• Given records:
####
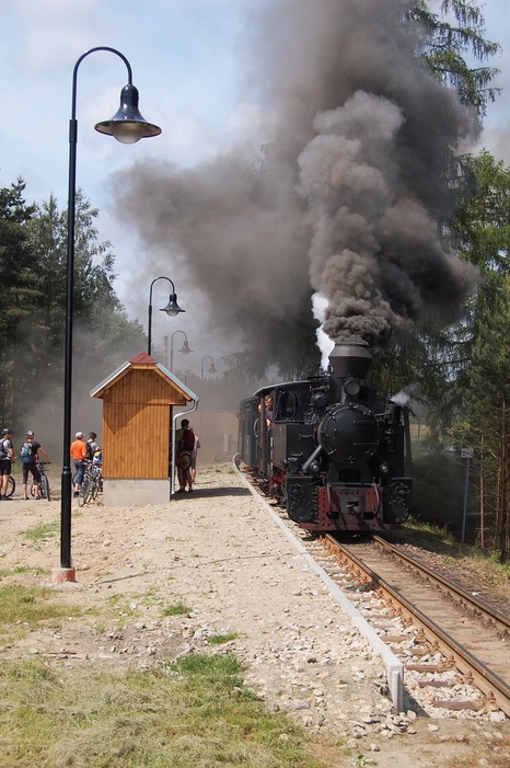 Lokomotiva U46.001 Rešica vjíždí do nově zrekonstruované zastávky (6/2013)
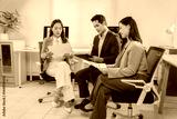 Three Asian businesspeople sitting on modern chairs, collaborating and analyzing financial documents during a productive meeting in a bright, contemporary office space
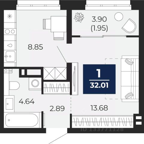 Продается 1-комн. квартира с предчистовой отделкой в ЖК "Беринг" на 6 этаже. Общая площадь: 33.96 кв.м., жилая: 13.68 кв.м., площадь кухни: 8.85 кв.м. Все окна выходят на одну сторону. В квартире одна лоджия, один совмещенный санузел. Высота потолков 2.75 м.
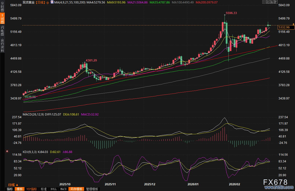 (现货黄金日线图,来源:易汇通)北京时间07:40,现货黄金现报5332.44美元/盎司。
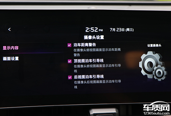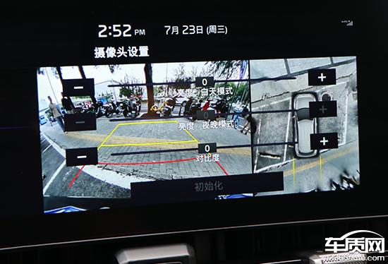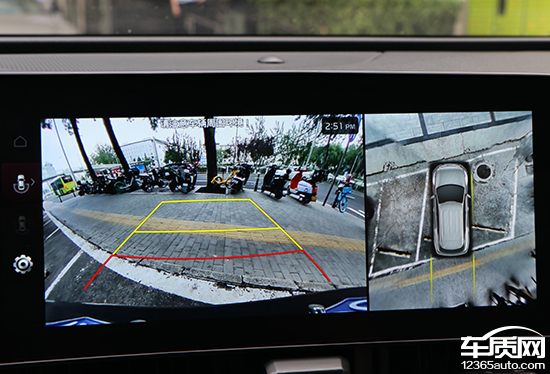 评测车配备360°全景影像,支持多角度显示。虽然画面清晰度比较一般,但是提供了摄像头设置进行弥补,包括亮度以及对比度。畸变控制令人满意,这点表现得很好。此外,影像画面内还带有可随动的倒车辅助线,能够为驾驶员提供参考。
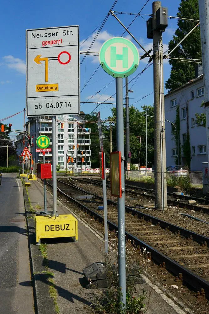 Die Haltestelle Scheibenstraße auf der Neusser Straße vor dem Beginn der Bauarbeiten am 02.07.2014.
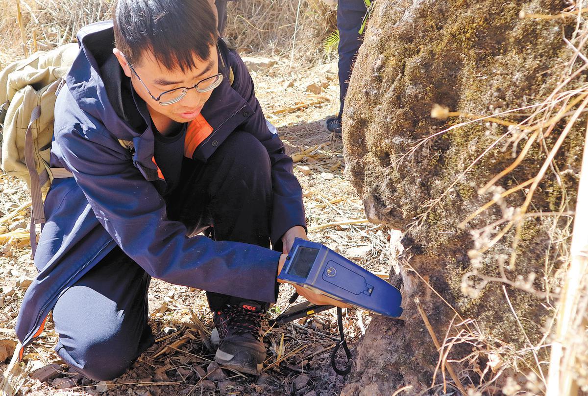 The dense vegetation in Yunnan results in a relatively thick humus layer, which presents certain challenges for their work. As Li moves from place to place, he swings a geological hammer with his right hand to strike the rocks, revealing their internal structures. With a small instrument in his other hand, he conducts preliminary tests on the rocks' elemental content and physical properties.
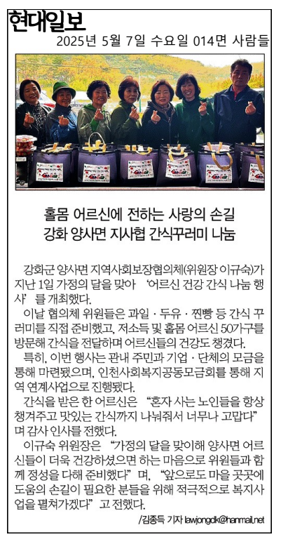 양사면 지역사회보장협의체 간식꾸러미 나눔
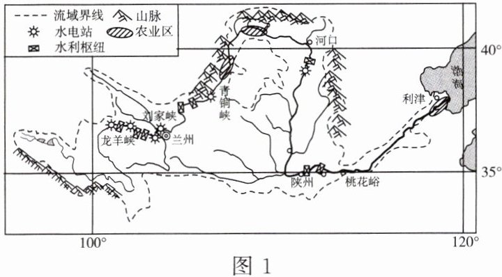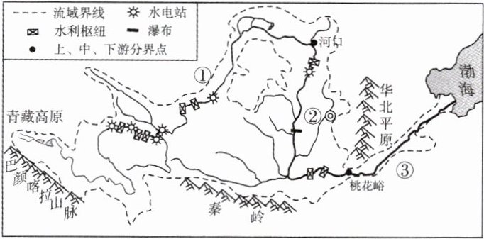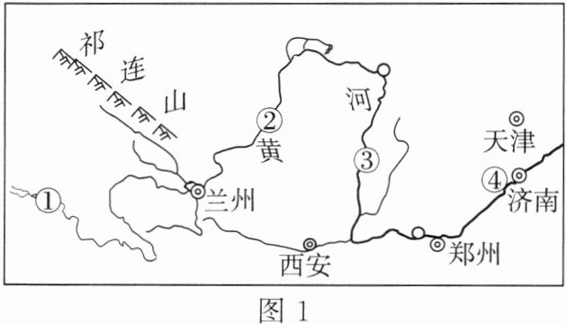 2024 年 9 月 10—13 日,国家领导人在甘肃省考察黄河流域生态保护,提出“让黄河成为造福人民的幸福河”。读黄河流域示意图,完成 1~3 题。
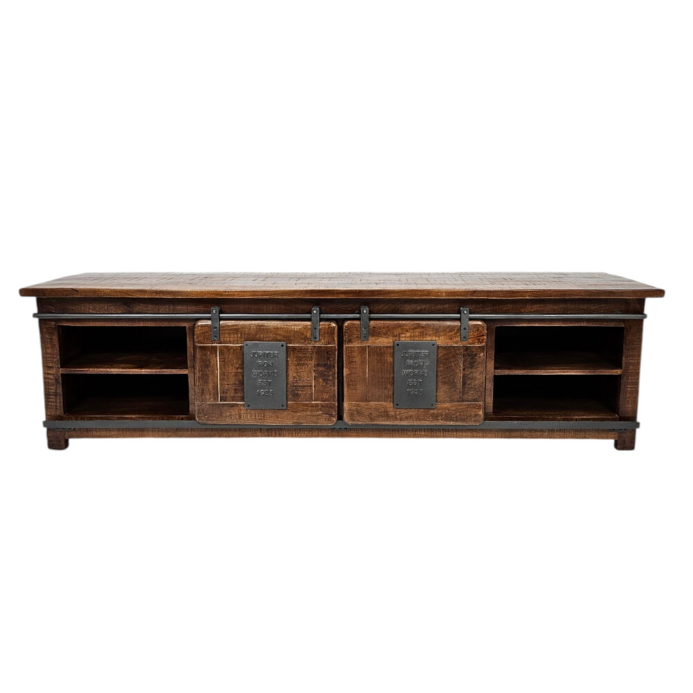 The standout feature of this TV stand is its sliding doors, each adorned with intricate iron detailing. These doors not only add a touch of industrial flair but also provide easy access to your media essentials, ensuring everything is organized and within reach
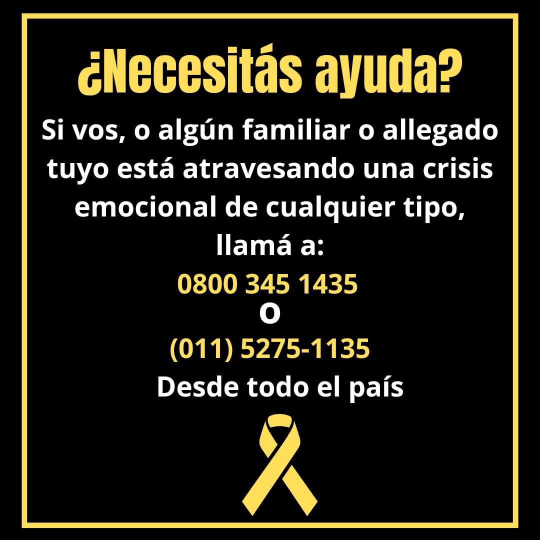 Si vos, o algún familiar o allegado tuyo está atravesando una crisis emocional de cualquier tipo, llamá al 135 (línea gratuita desde Capital y Gran Buenos Aires) al (011) 5275-1135 o 0800 345 1435 (desde todo el país). El llamado es personal, confidencial y anónimo.
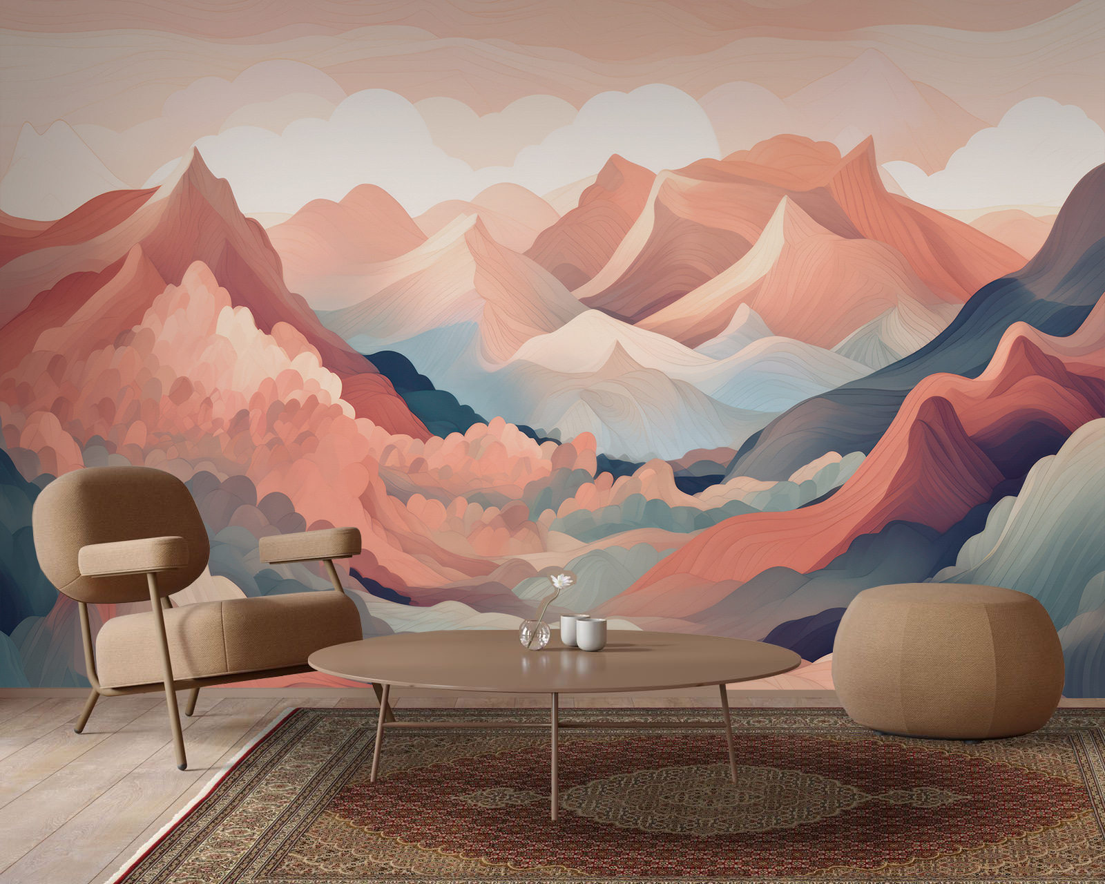 Vos murs ont besoin d’un peu de vie ? Jetez un coup d’œil à cette peinture murale “Paysage de montagne coloré” ! Il ne s’agit pas d’une décoration classique – nous parlons d’une aventure pour vos sens, directement dans votre salon. Imaginez que vous vous prélassiez sur votre canapé en contemplant des pics pastel et des motifs tourbillonnants qui vous invitent pratiquement à la rêverie. C’est comme un mini-voyage dans un pays lointain sans quitter votre maison.
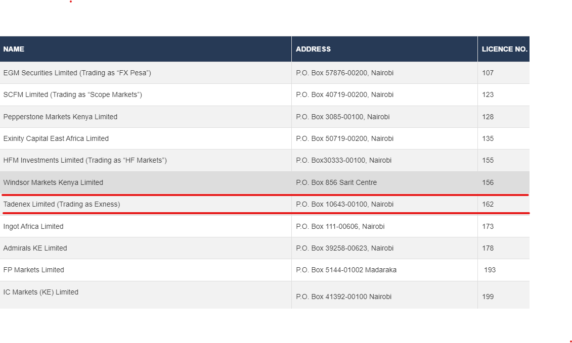 Yes, Exness (KE) LTD. (formerly Tadenex Limited) is registered & regulated by the Capital Markets Authority (CMA) Kenya as a non-dealing forex broker with license number 162.
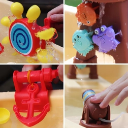 - Rijke uitrusting: piratentoren met figuurtje, waterglijbaan, waterkanon, bellenblazer, anker, roer, bekertjes, drijvende diertjes en meerdere wielen met watereffecten.
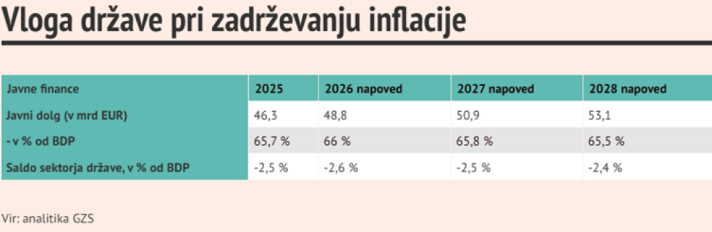 Zaradi višje inflacije se pričakuje večja vloga države pri blaženju socialnih in gospodarskih učinkov. To pa ima svojo ceno – delež javnega dolga naj bi znašal okrog dveh tretjin BDP, kar je slabše od prejšnjih pričakovanj.
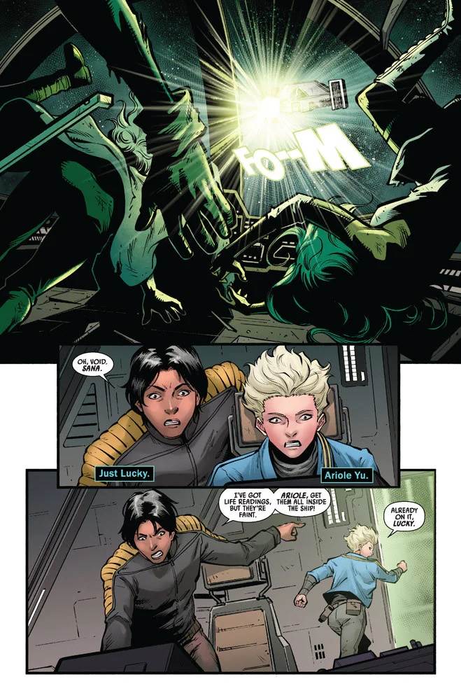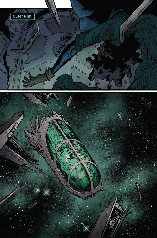But Doctor Aphra #27 begins with writer Alyssa Wong checking in on the crew of Sana Starros’s ship the Volt Cobra, which was destroyed by the Spark Eternal in the cliffhanger ending of the previous issue. Sana and company survive, of course, and they are rescued by the assassin Just Lucky and his compatriot Aroile Yu. They’re taken back to Canto Bight, where the recently revived Ronen Tagge demands that in exchange for saving their lives via his high-tech bacta tanks, they bring him the Spark. Starros ultimately turns down his offer, and instead proposes that they assassinate his aunt Domina Tagge in the service of Crimson Dawn. Meanwhile on the Ark Angel IV, the Spark is experiencing some discomfort due to a virus it contracted from interfacing with Aphra’s “evil murder droids" Triple-Zero and BT-1. Inside Aphra’s brain, Chelli negotiates with the Spark for a release from her mental prison. Then on an unnamed planet that we’ve also seen in Marvel’s Star Wars: Hidden Empire miniseries, Kho Phon Farrus begins to get fed up with working on the Fermata Cage with the Archivist, and steps away to send a message to archaeology student Detta Yao.
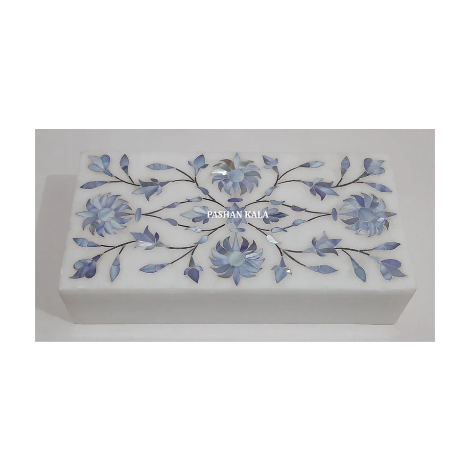Caja de joyería con incrustaciones de madreperla azul de mármol blanco con diseño de flores hechas a mano, forma Rectangular utilizada para decoración del hogar y regalos
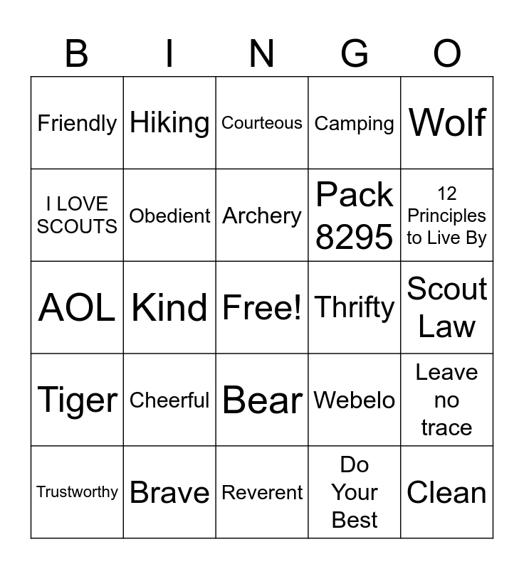 This bingo card has a free space and 29 words: Trustworthy, Helpful, Kind, Loyal, Friendly, Courteous, Obedient, Cheerful, Thrifty, Brave, Scout Law, Clean, Reverent, Do Your Best, 12 Principles to Live By, Lion, Bear, Tiger, Wolf, AOL, Webelo, Cub Scouts, Pack 8295, I LOVE SCOUTS, Camping, Hiking, Leave no trace, Archery and Swimming.
####
• What the task requires: Would you set down only the lines above from the line with "(现货黄金日线图,来源:易汇" to the line with "Die Haltestelle Scheibenstraße", both included, exactly as they stand and without the pictures?

• Answer to this exercise:
 (现货黄金日线图,来源:易汇通)北京时间07:40,现货黄金现报5332.44美元/盎司。
 评测车配备360°全景影像,支持多角度显示。虽然画面清晰度比较一般,但是提供了摄像头设置进行弥补,包括亮度以及对比度。畸变控制令人满意,这点表现得很好。此外,影像画面内还带有可随动的倒车辅助线,能够为驾驶员提供参考。
 Die Haltestelle Scheibenstraße auf der Neusser Straße vor dem Beginn der Bauarbeiten am 02.07.2014.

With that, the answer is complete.